I would like to exchange into a property for the purpose of spending most of the week seeing Munich.  I would prefer to forgo a rental car, so I am also interested in something close to train or bus into Munich.  Any ideas? 

Thanks...

Roger


----------



## Janie (Feb 25, 2008)

If you want to spend most of your time in Munich, a hotel would probably be a better bet.  None of the timeshares are all that close.  Probably the closest would be the one in Garmisch, Club Columbo Quellenhof, which is about an hour's drive south from Munich.  I haven't taken the train there from Munich.  I have done the drive, and it was fast.

There are lots of other other interesting things in that vicinity also.

(RCI Directory lists a couple of Munich hotels, but I have never seen any of those available as exchanges.  You could check Extra Vacations and see if they are available as rentals)


----------



## tashamen (Feb 25, 2008)

AlpenClub Schliersee is a possibility - available thorugh II.  Several of the reviews here mention taking a train into Munich for day trips.


----------



## Carolinian (Feb 27, 2008)

How about a 57-unit timeshare bang in central Munich. last renovated in 2002?  Timeshare resort chain Hapimag, the worlds oldest timeshare developer, has such a resort, but since they don't deal with either RCI or II, you would probably have to find a Hapimag member who would be willing to do a direct trade for something you have to reserve it for you.

Check out www.hapimag.com


----------



## hibbeln (Feb 28, 2008)

We are staying at the Club Colombo Hotel Quellenhof in the Garmisch-Partenkirchen area (it's actually in Grainau) this August.  I'm not sure it's exactly what you're looking for (I think you would have to take a short bus ride from in front of the condo to catch the train to Munich).  But if you added it on to a few days in Munich, you just might love it!

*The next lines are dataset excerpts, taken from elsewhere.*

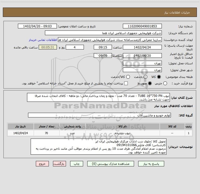 شرح کلی نیاز: تیوب TUBE 16*750 PN - تعداد 70 عدد - نحوه و زمان پرداخت مالی: دو ماهه - کالای انتخاب شده صرفا جهت تشابه می باشد.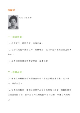 張麗琴 姓名:張麗琴 一、家庭貢獻: (一)相夫教子,勤撿持家,皆有口碑。 (二)協助丈夫從事園圃工作,任勞任怨,是以家庭與農業並重之標準 農 家 。 (三)具中國傳統農家婦女之美德,鄰里稱譽。 二、農業成就: (一)鄉應政府種植高經濟價值農作物,引進多種庭園造景,花木栽 培,普受歡迎。 (二)設置栽培棚室,並精心研究木瓜花(長壽梅)栽培,獨創以修剪 技術調整開花期,使木瓜花開花期能提早亦可延遲,供應期大為增 加 。
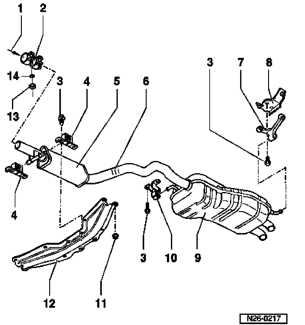 ^ As standard, center and rear mufflers are installed as a single component. In cases of repair the center and rear muffler are supplied individually and with a double clamp for connecting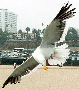On the beach, just north of the pier, is "Walk on LA", a 1988 "art tool" designed by Carl Cheng. When pulled by a tractor, it leaves the imprint of a city in the sand.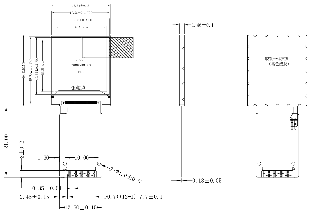 | 1 | LCD Size | 0.85inch(Diagonal) | - |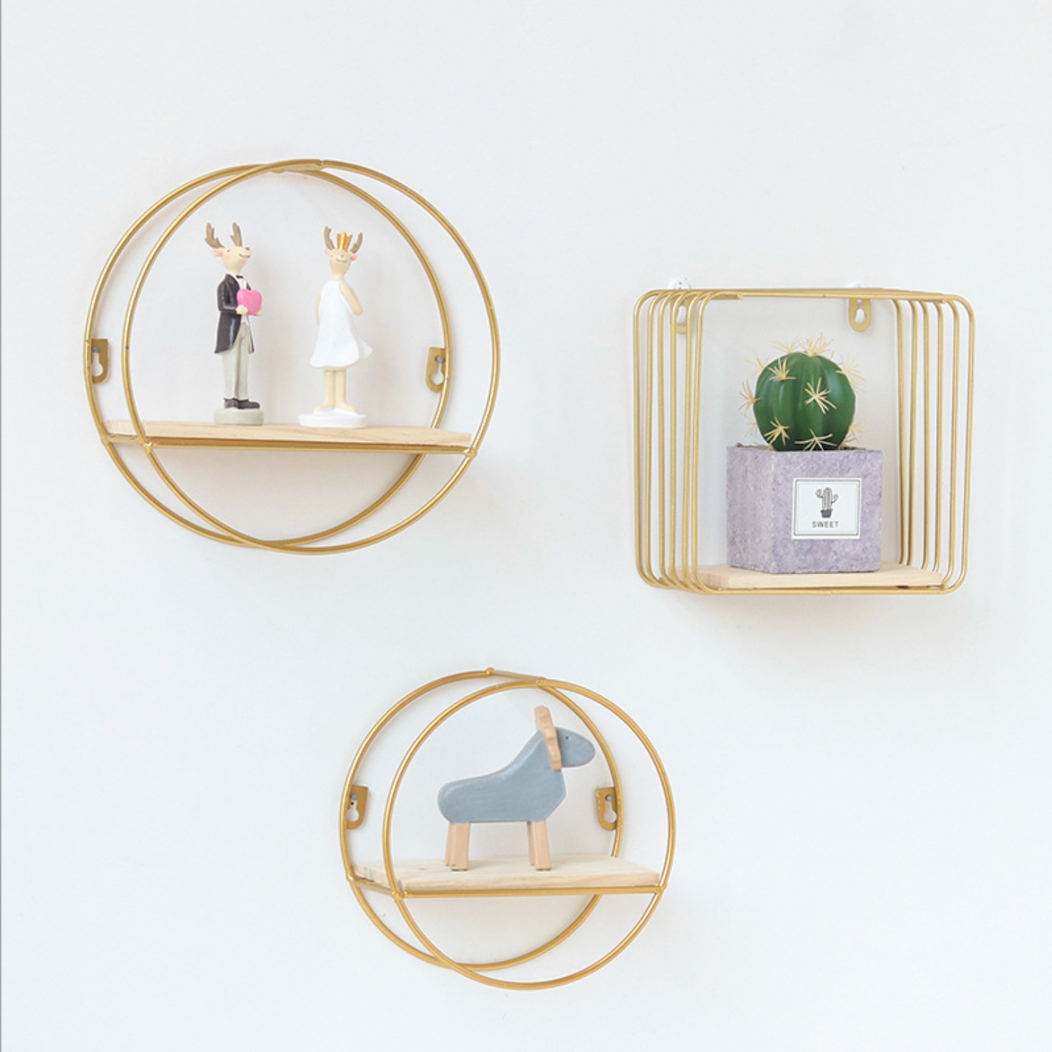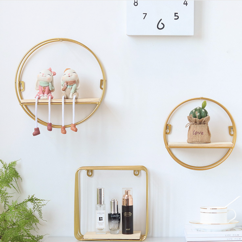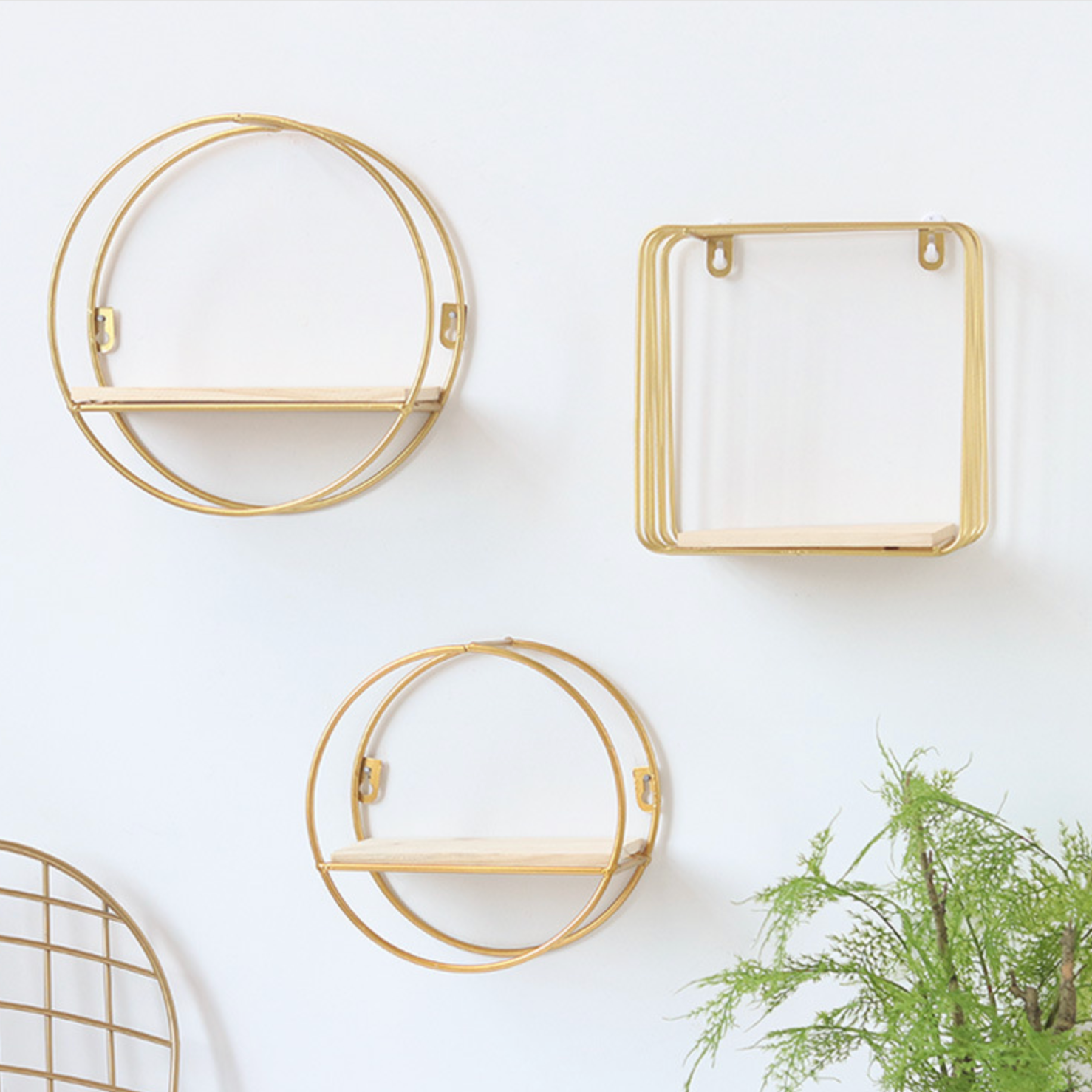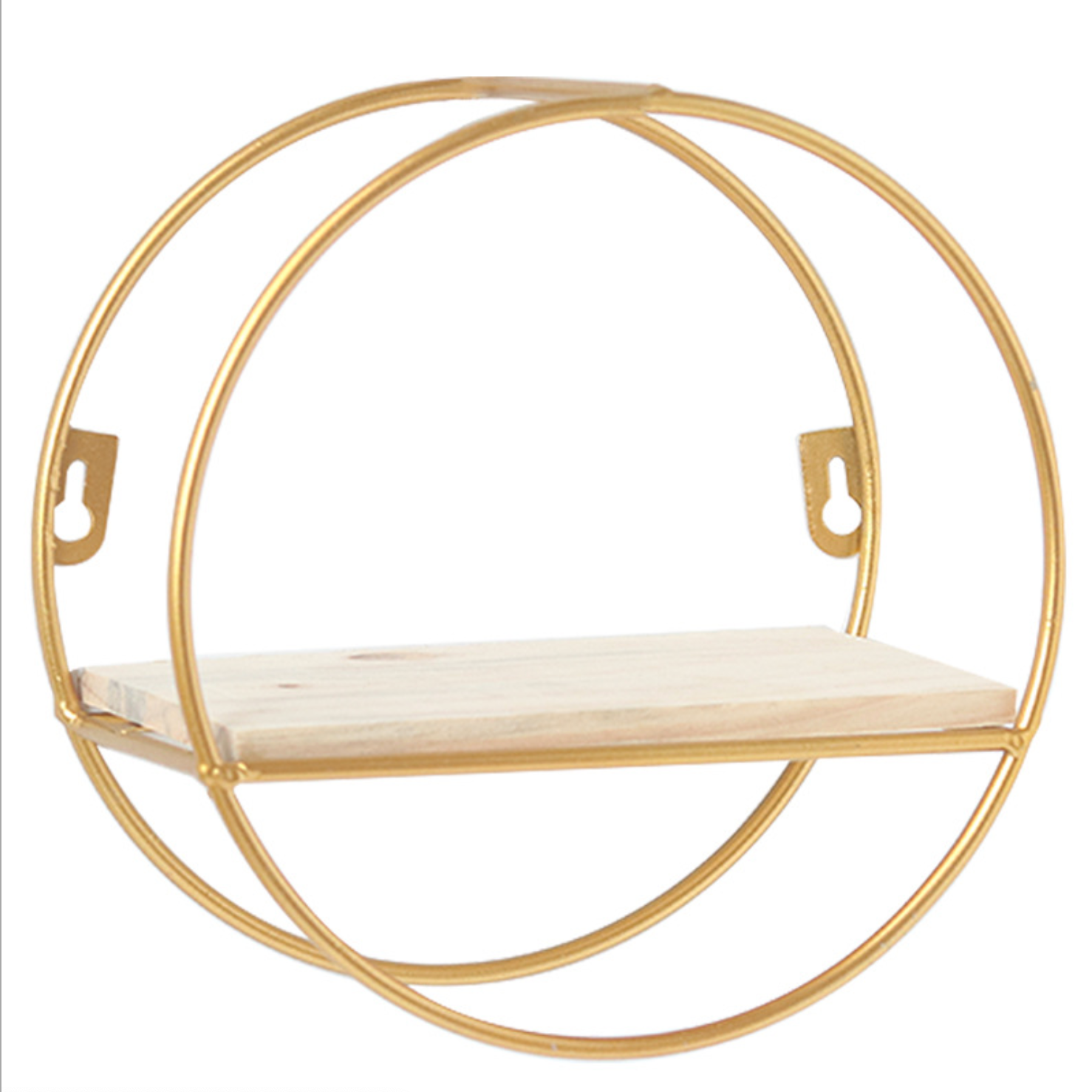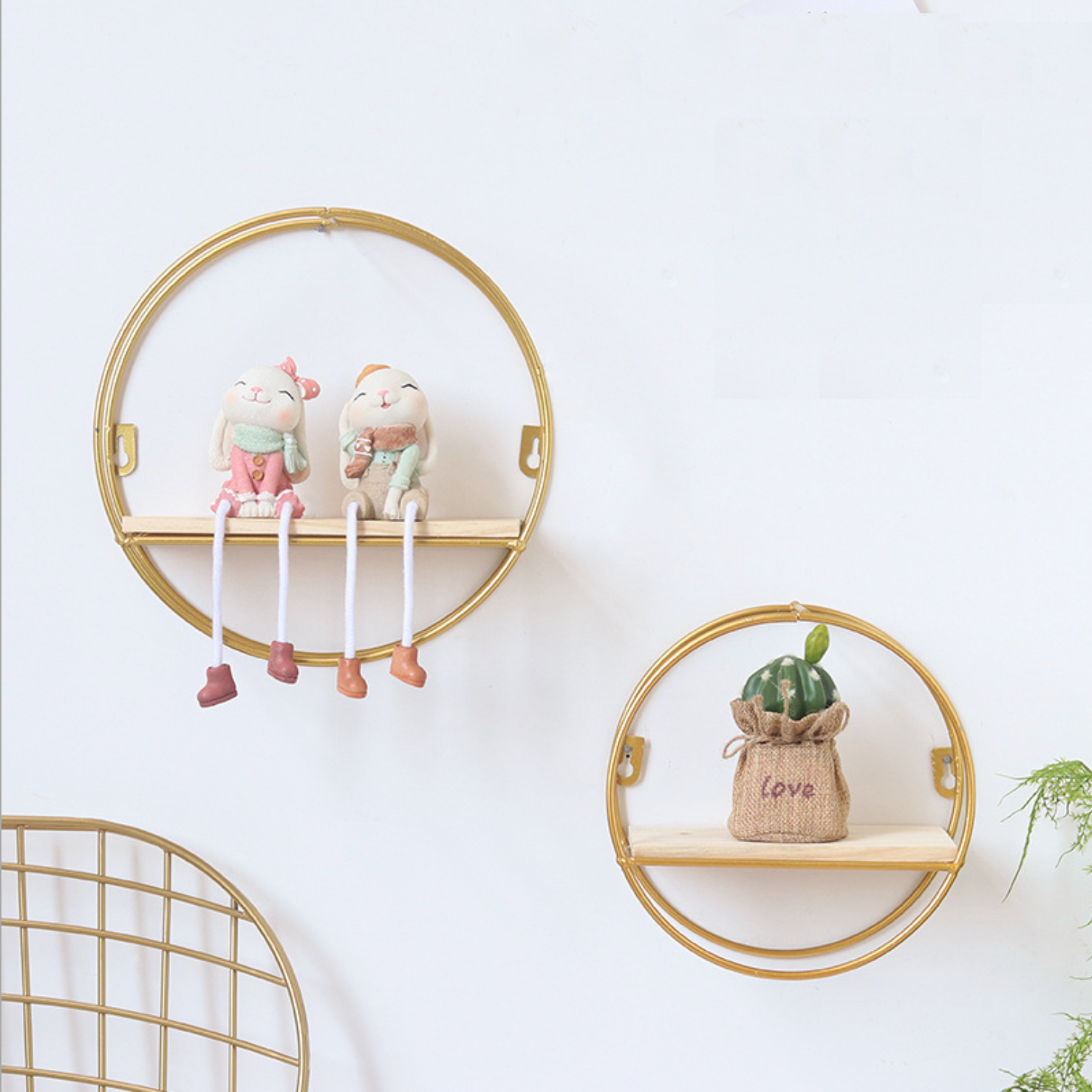 The round gold metal wall shelves have two metal rings with a wooden plank in between to create an aesthetically pleasing wall shelf design. The gold metal texture complements the wooden shelf and is apt to display decor objects, kitchen essentials, flowers, planters and more. Wall shelves can deck up plain walls, bring together the decor theme of the room and make the space feel vibrant and aesthetic.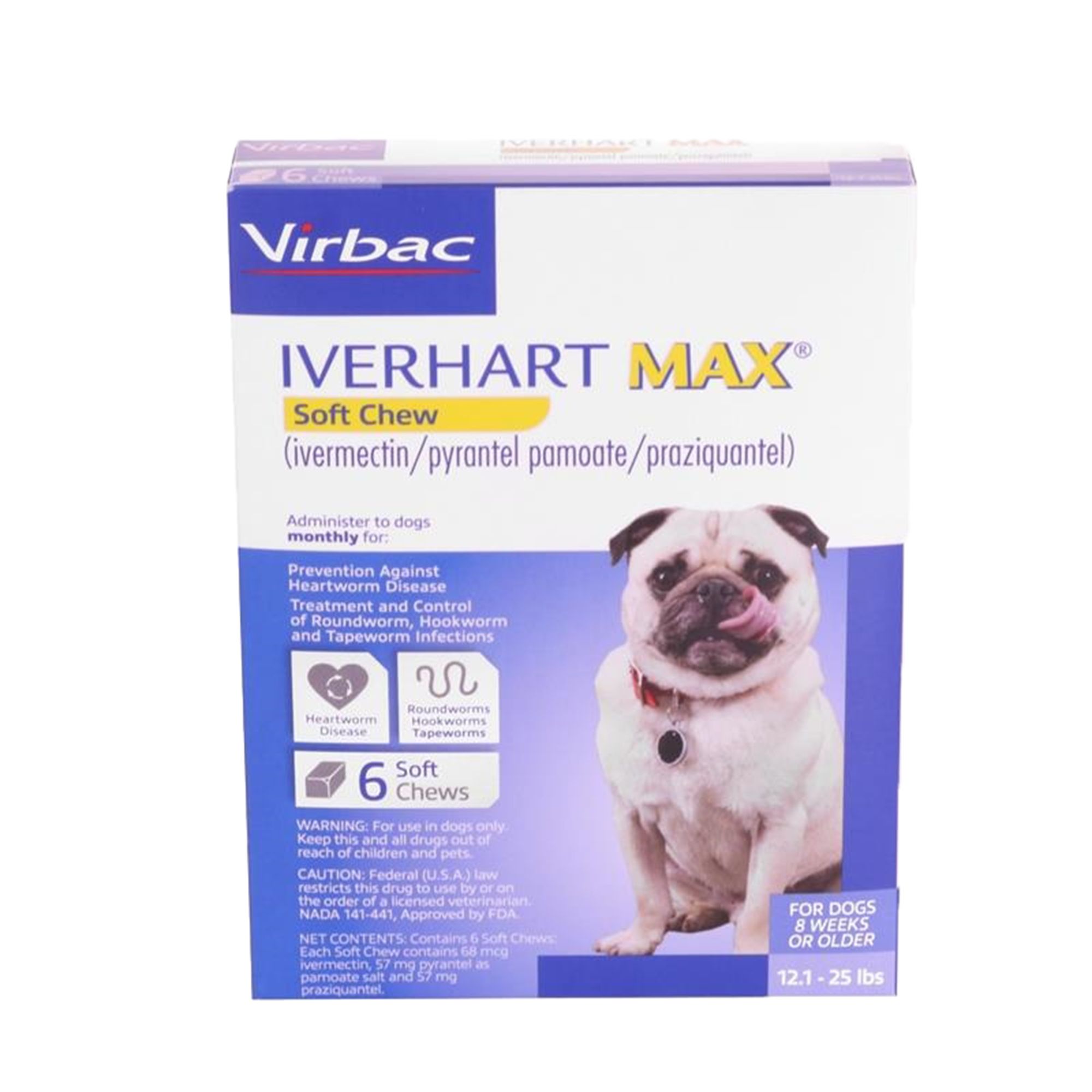 Once a month bacon flavored chewable tablet that is highly palatable Treats and controls roundworms (T. canis, T. leonina) and hookworms (A. caninum, U. stenocephala, A. braziliense) and tapeworms (D. caninum, T. pisiformis) once monthly when given routinely T. canis, T. leonina A. caninum, U. stenocephala, A. braziliense D. caninum, T. pisiformisWhen given at the recommended dose and regimen, Iverhart Max® Soft Chews is effective against the tissue larval stage of heartworm larvae for a month after infection resulting in the prevention of adult heartwormsApproved for dogs 8+ weeks of age, weighing more than 6 pounds

For everyone else, I'm quite surprised how easily we got this exchange.  I noticed late last fall that there was summer availability there while just playing around with a deposit and seeing what was available in August in Germany or Austria.  I started thinking and ended up putting in a request that was very specific.  We figured IF we could get a unit big enough for our family of 4 and IF it would be exactly the 1st week in August (no flexibility) then we would take it.  I put in the exchange and in less than 3 weeks I had it confirmed.  Then we invited my Dad and about a month ago I put in for another 1 bedroom unit, also had to be that exact first week in August.  First we matched for one that was a week later and we turned it down (we had to have them the same week or not at all).  Low and behold, within a month I had the second unit confirmed!


----------



## EAM (Feb 28, 2008)

*Arabella Sheraton Grand Hotel and Tryp Munchen*

The Arabella Sheraton Grand Hotel  in Munich is listed in the RCI directory as is TRYP MUNCHEN  ( #8217 ), also in Munich.  Both offer only hotel rooms, and my guess would be that availability would be very limited.


----------